- INFORMATION -

****

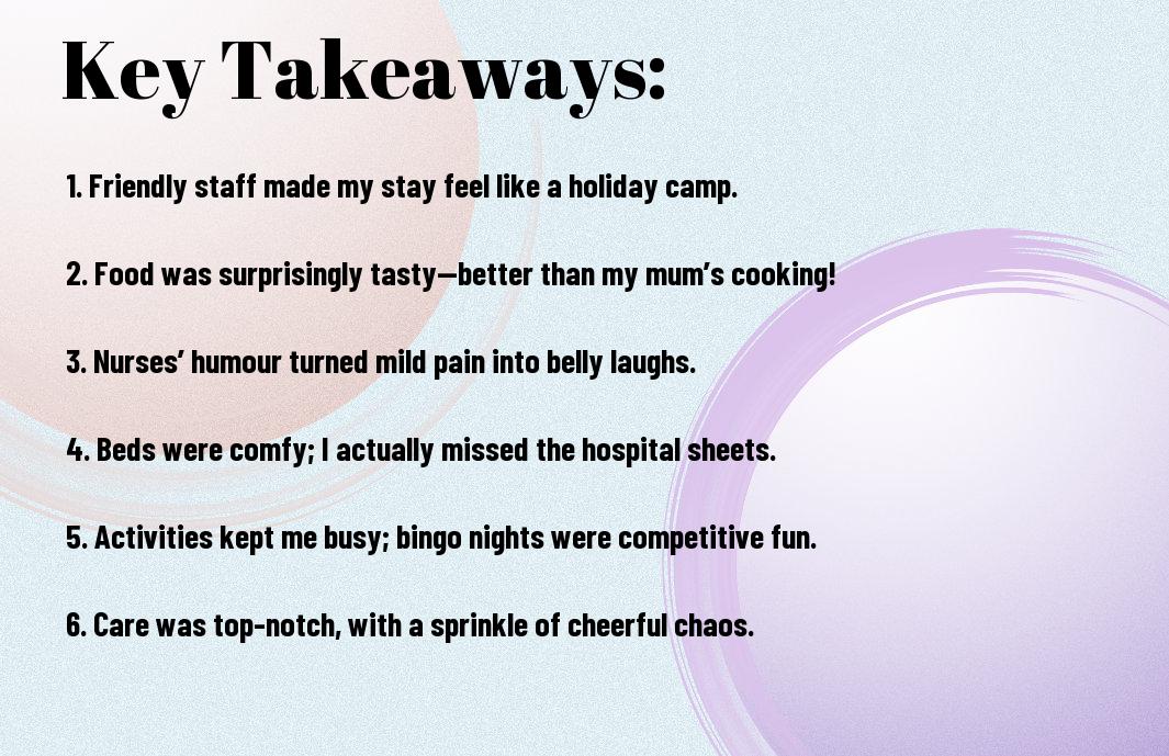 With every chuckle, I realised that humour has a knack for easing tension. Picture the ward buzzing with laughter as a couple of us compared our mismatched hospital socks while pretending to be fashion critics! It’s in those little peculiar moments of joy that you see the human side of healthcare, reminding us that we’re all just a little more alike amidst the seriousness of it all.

****

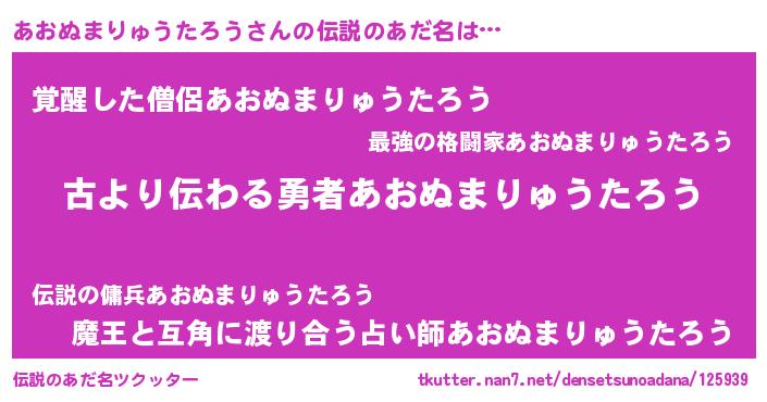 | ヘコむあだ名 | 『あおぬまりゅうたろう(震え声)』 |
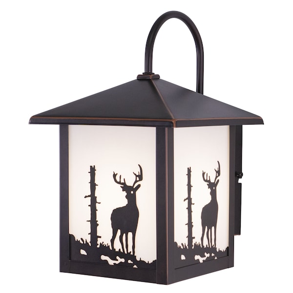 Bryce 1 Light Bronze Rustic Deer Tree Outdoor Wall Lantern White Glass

****

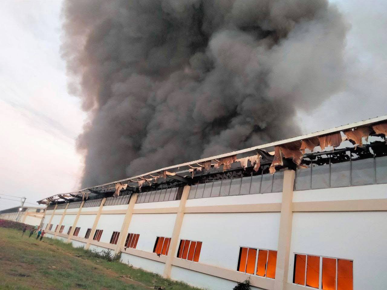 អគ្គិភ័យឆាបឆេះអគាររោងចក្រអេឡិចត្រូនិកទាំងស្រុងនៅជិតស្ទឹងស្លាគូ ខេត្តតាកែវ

****

- EXERCISE DETAILS -
What are the lines in the records above, word for word, from the one containing "ヘコむあだ名 | 『あおぬまりゅうたろう(震え声)』 |" through the one containing "Bryce 1 Light", both ends included and pictures left out?

- RESULT OF THIS TASK -
 | ヘコむあだ名 | 『あおぬまりゅうたろう(震え声)』 |
 Bryce 1 Light Bronze Rustic Deer Tree Outdoor Wall Lantern White Glass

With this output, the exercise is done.